» **Data to examine**
►

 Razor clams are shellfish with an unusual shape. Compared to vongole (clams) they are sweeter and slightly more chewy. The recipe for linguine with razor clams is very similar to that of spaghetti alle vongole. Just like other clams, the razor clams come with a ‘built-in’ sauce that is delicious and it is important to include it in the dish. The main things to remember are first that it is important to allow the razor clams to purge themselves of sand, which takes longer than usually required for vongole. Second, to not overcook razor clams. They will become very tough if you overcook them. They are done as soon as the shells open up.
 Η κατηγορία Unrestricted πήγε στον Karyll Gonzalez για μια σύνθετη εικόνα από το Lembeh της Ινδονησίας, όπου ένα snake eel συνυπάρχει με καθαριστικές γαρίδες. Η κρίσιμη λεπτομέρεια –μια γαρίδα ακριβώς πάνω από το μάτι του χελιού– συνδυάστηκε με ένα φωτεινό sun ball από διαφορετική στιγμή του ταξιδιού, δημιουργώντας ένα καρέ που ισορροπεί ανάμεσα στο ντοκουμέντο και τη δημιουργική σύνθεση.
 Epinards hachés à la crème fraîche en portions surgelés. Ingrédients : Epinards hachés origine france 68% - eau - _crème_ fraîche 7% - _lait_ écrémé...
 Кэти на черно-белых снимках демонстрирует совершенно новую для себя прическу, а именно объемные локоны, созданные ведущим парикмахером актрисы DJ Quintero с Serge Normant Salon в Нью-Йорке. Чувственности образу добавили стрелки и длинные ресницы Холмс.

◄
►

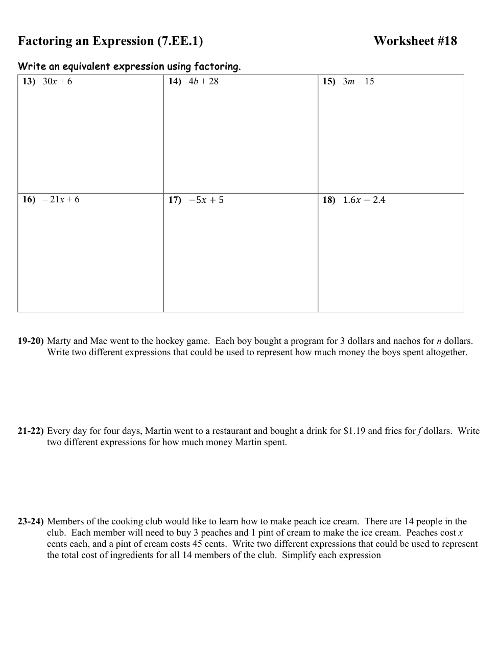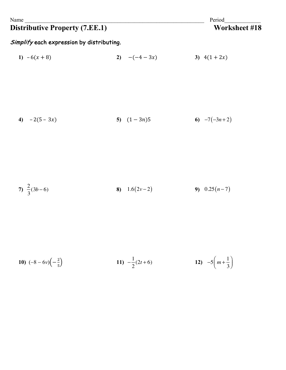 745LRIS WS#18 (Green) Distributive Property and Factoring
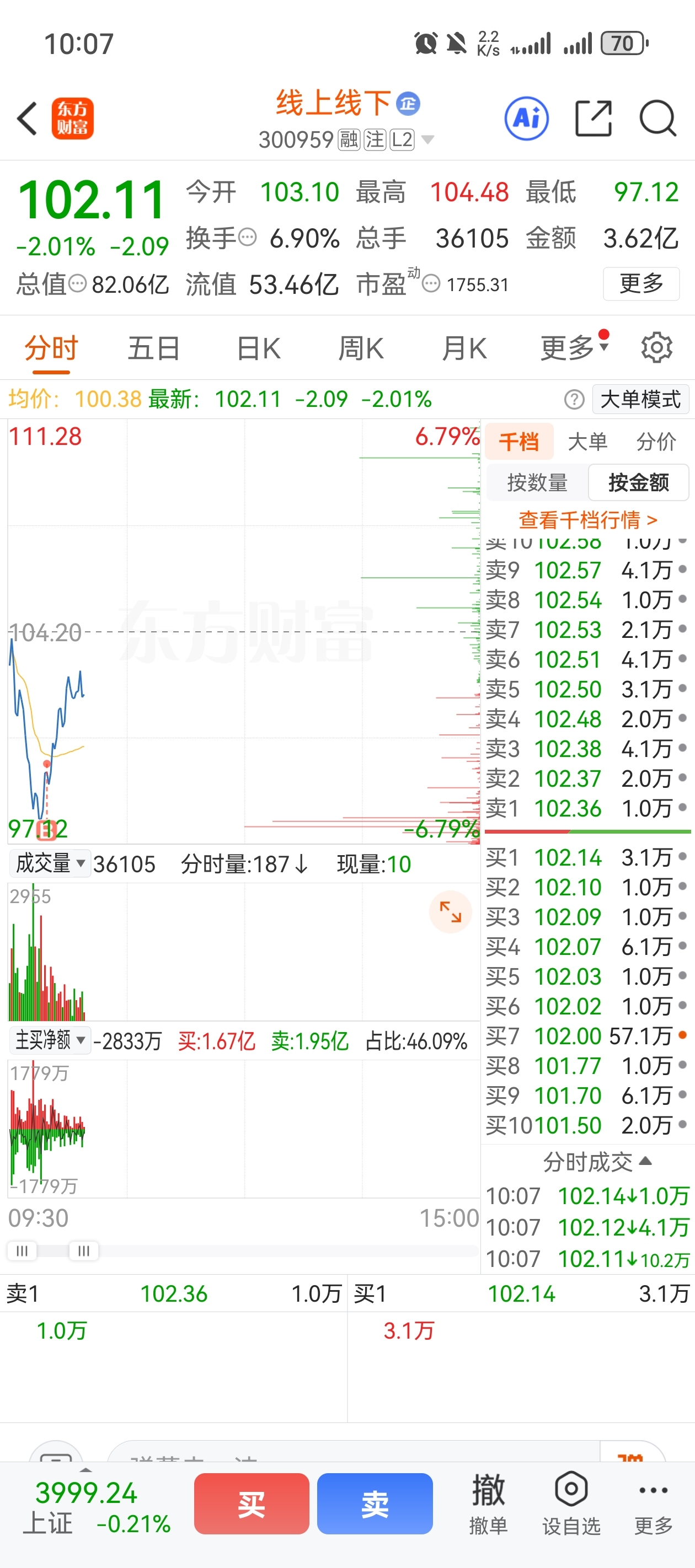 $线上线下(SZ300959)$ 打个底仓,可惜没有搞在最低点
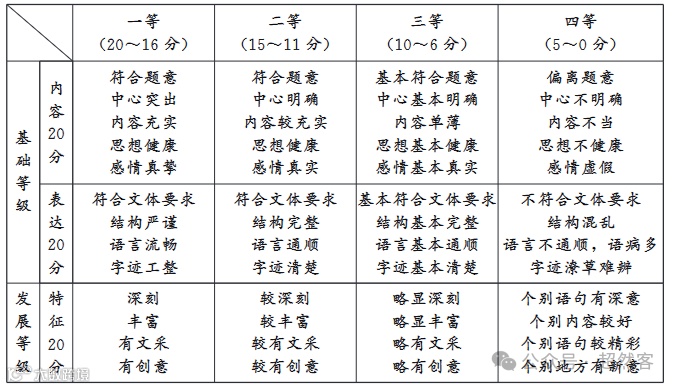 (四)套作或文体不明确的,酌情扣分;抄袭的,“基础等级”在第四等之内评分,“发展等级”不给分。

◄
►

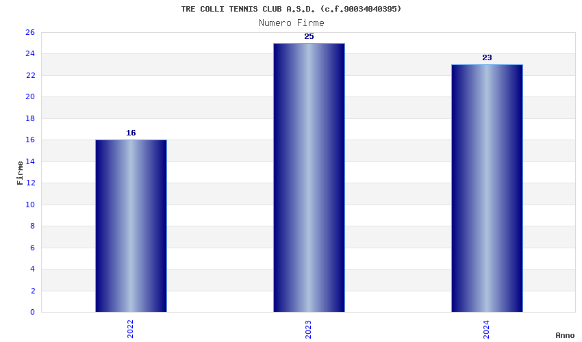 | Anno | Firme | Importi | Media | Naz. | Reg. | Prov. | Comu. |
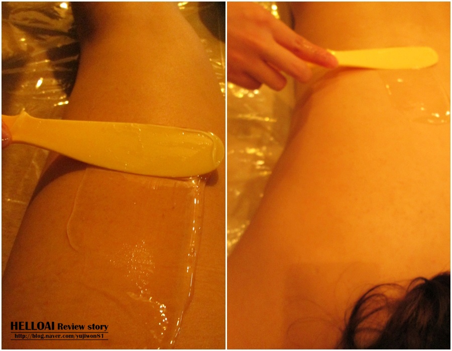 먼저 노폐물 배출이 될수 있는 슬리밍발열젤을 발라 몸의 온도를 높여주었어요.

◄

Copy out the range of lines above starting at the line with "Epinards hachés à" and ending at the line with "Кэти на черно-белых", exactly and including both.

» **Exercise answer**
 Epinards hachés à la crème fraîche en portions surgelés. Ingrédients : Epinards hachés origine france 68% - eau - _crème_ fraîche 7% - _lait_ écrémé...
 Кэти на черно-белых снимках демонстрирует совершенно новую для себя прическу, а именно объемные локоны, созданные ведущим парикмахером актрисы DJ Quintero с Serge Normant Salon в Нью-Йорке. Чувственности образу добавили стрелки и длинные ресницы Холмс.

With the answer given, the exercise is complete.